▸ **Problem to solve**:
Look below for the line holding "Ein Highlight dieser" and the line holding "The position of". Transcribe exactly those lines and all lines between them, nothing more.

▸ **Extracted data**:

::::::

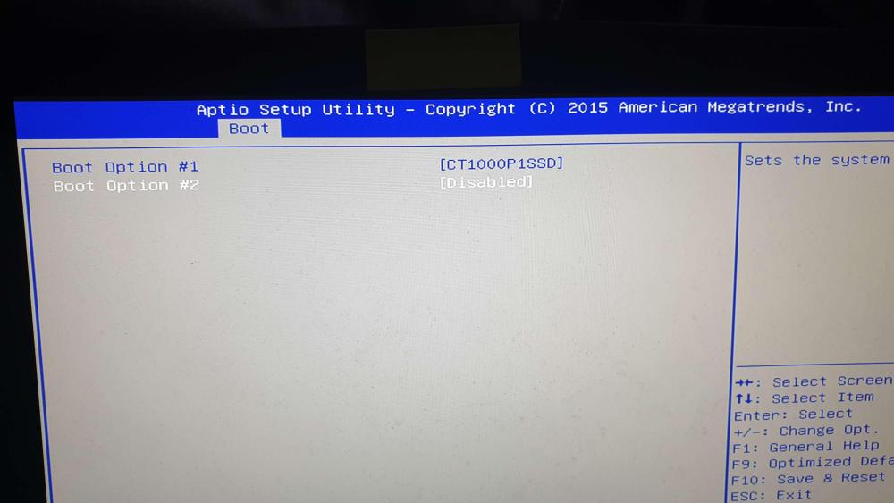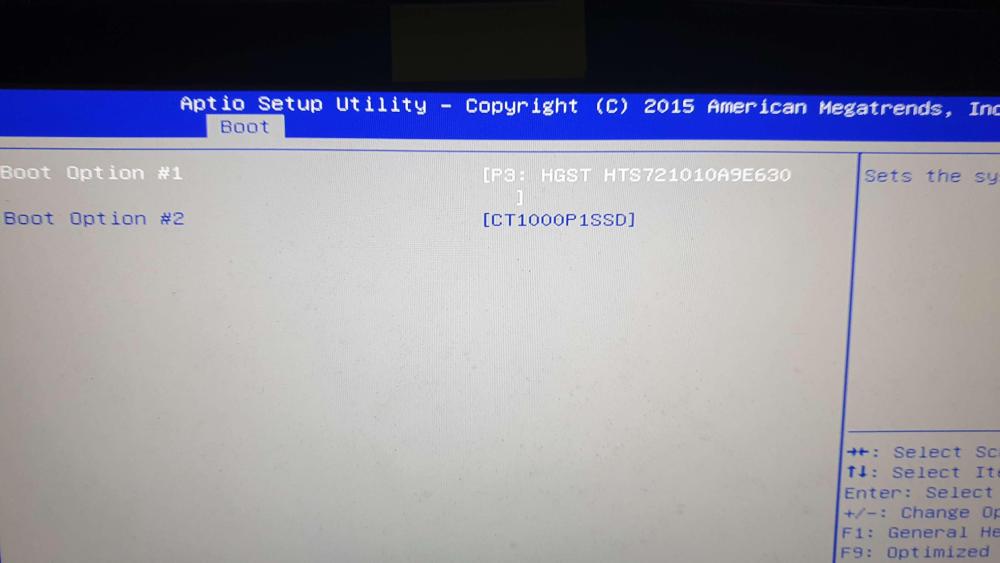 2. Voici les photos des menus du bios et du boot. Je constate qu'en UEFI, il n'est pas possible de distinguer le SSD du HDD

::::::

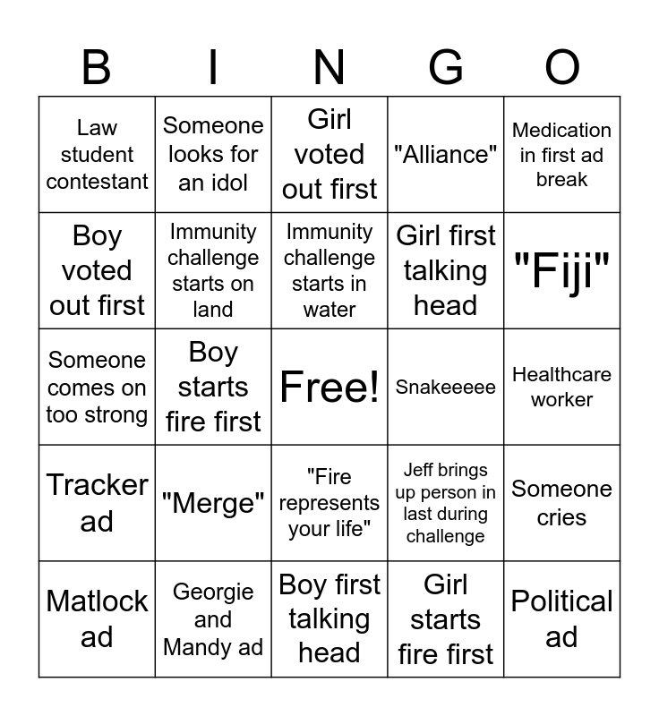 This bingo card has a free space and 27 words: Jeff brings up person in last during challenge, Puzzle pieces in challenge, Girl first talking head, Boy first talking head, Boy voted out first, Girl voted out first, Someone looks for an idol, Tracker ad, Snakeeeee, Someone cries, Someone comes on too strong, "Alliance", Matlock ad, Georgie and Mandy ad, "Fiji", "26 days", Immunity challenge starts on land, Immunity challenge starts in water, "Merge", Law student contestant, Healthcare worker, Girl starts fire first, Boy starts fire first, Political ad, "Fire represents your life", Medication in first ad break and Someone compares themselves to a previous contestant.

::::::

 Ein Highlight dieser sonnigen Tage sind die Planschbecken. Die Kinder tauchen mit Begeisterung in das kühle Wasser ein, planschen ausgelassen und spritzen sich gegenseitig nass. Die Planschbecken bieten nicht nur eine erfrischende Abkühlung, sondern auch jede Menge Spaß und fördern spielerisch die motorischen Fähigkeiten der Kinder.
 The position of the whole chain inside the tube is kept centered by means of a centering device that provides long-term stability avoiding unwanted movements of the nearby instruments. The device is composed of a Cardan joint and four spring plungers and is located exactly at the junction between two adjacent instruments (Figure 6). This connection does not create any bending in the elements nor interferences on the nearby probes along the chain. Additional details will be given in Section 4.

::::::

▸ **Answer area**:
 Ein Highlight dieser sonnigen Tage sind die Planschbecken. Die Kinder tauchen mit Begeisterung in das kühle Wasser ein, planschen ausgelassen und spritzen sich gegenseitig nass. Die Planschbecken bieten nicht nur eine erfrischende Abkühlung, sondern auch jede Menge Spaß und fördern spielerisch die motorischen Fähigkeiten der Kinder.
 The position of the whole chain inside the tube is kept centered by means of a centering device that provides long-term stability avoiding unwanted movements of the nearby instruments. The device is composed of a Cardan joint and four spring plungers and is located exactly at the junction between two adjacent instruments (Figure 6). This connection does not create any bending in the elements nor interferences on the nearby probes along the chain. Additional details will be given in Section 4.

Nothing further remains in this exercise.